Description of Securities

EX-4.6 2 exhibit46-descriptionofsec.htm EX-4.6 Document

EXHIBIT 4.6

DESCRIPTION OF SECURITIES
REGISTERED PURSUANT TO SECTION 12 OF THE SECURITIES EXCHANGE ACT OF 1934

As of December 31, 2022, Bright Mountain Media, Inc., a Florida corporation (“Bright Mountain,” the “Company,” “we,” “us,” or “our”), has one class of securities registered under Section 12 of the Securities Exchange Act of 1934, as amended: our common stock.

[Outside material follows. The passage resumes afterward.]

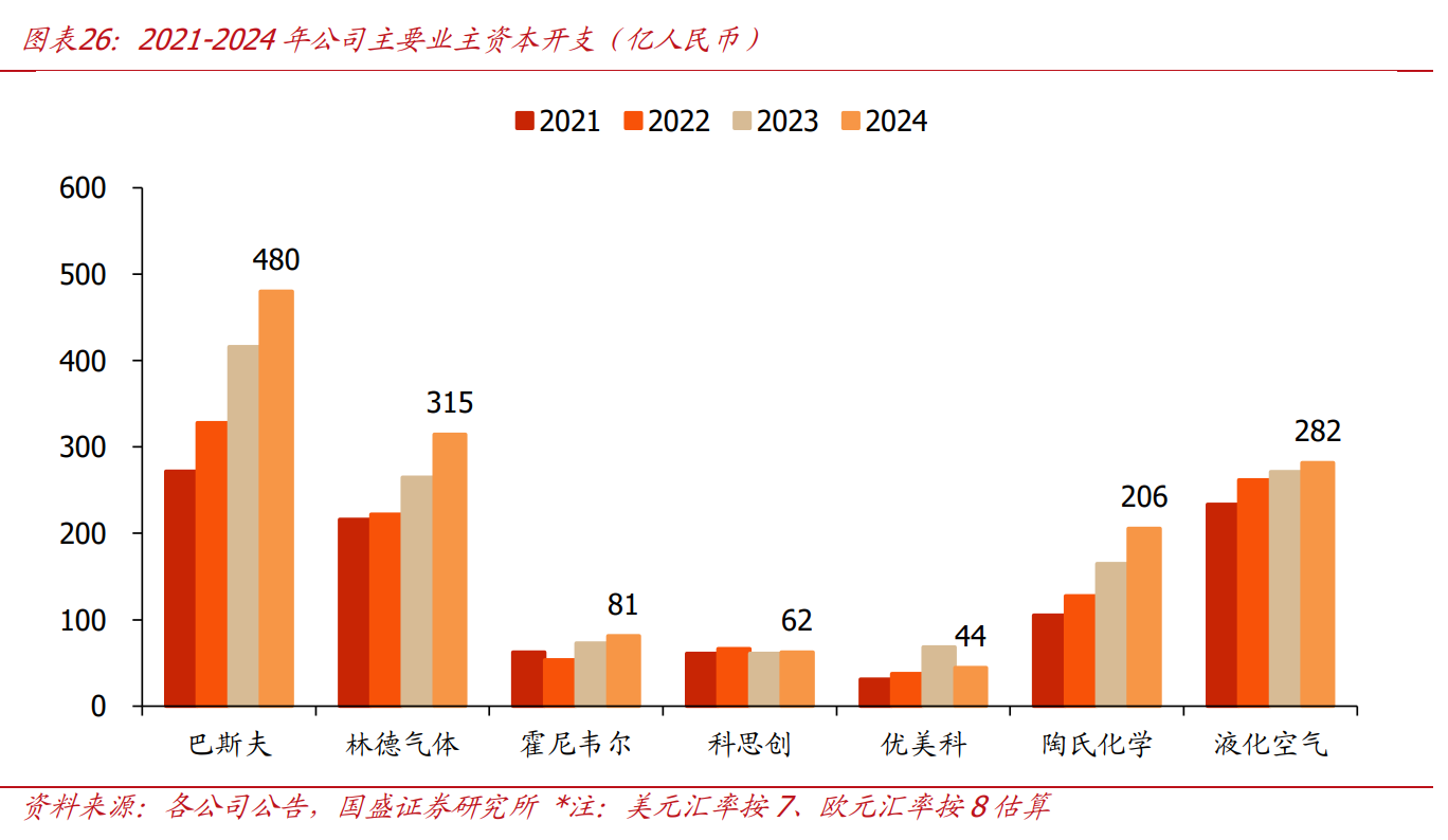 下游积累丰富优质客户资源,核心业主资本发支相对稳健。依托领先技术实力及工艺Know-how积累,公司与巴斯夫、林德开体、科思创、优美科、陶氏化学、液化空开、英威达等大型跨国化工企业建立稳定合作关系,此类客户具有严格供应商遴选制度,出于对化工模块安全性、稳定性考虑,不会轻易更换供应商,公司深入了解其工艺流程,未来有望延续与其长期合作。且大型跨国化工龙头通常具备较长远投资计划,近年来受宏观环境影响,资本发支增速虽有所放缓,但总体仍维持较大体量,叠加模块化渗透率持续提升,有望为公司主业提供稳定订单来源。

The following is a description of the material terms of our capital stock as well as other material terms of the our amended and restated articles of incorporation, as amended (the “Articles of Incorporation”), our amended and restated bylaws (the “Bylaws”), and applicable provisions of law. The summary is not complete and is subject to, and is qualified in its entirety by, our Articles of Incorporation and our Bylaws, each of which is filed or incorporated by reference as an exhibit to our Annual Report on Form 10-K for the year ended December 31, 2022 and incorporated herein by reference, and the applicable provisions of the Florida Business Corporation Act (the “FBCA”). You should read our Articles of Incorporation, Bylaws, and the applicable provisions of the FBCA for additional information.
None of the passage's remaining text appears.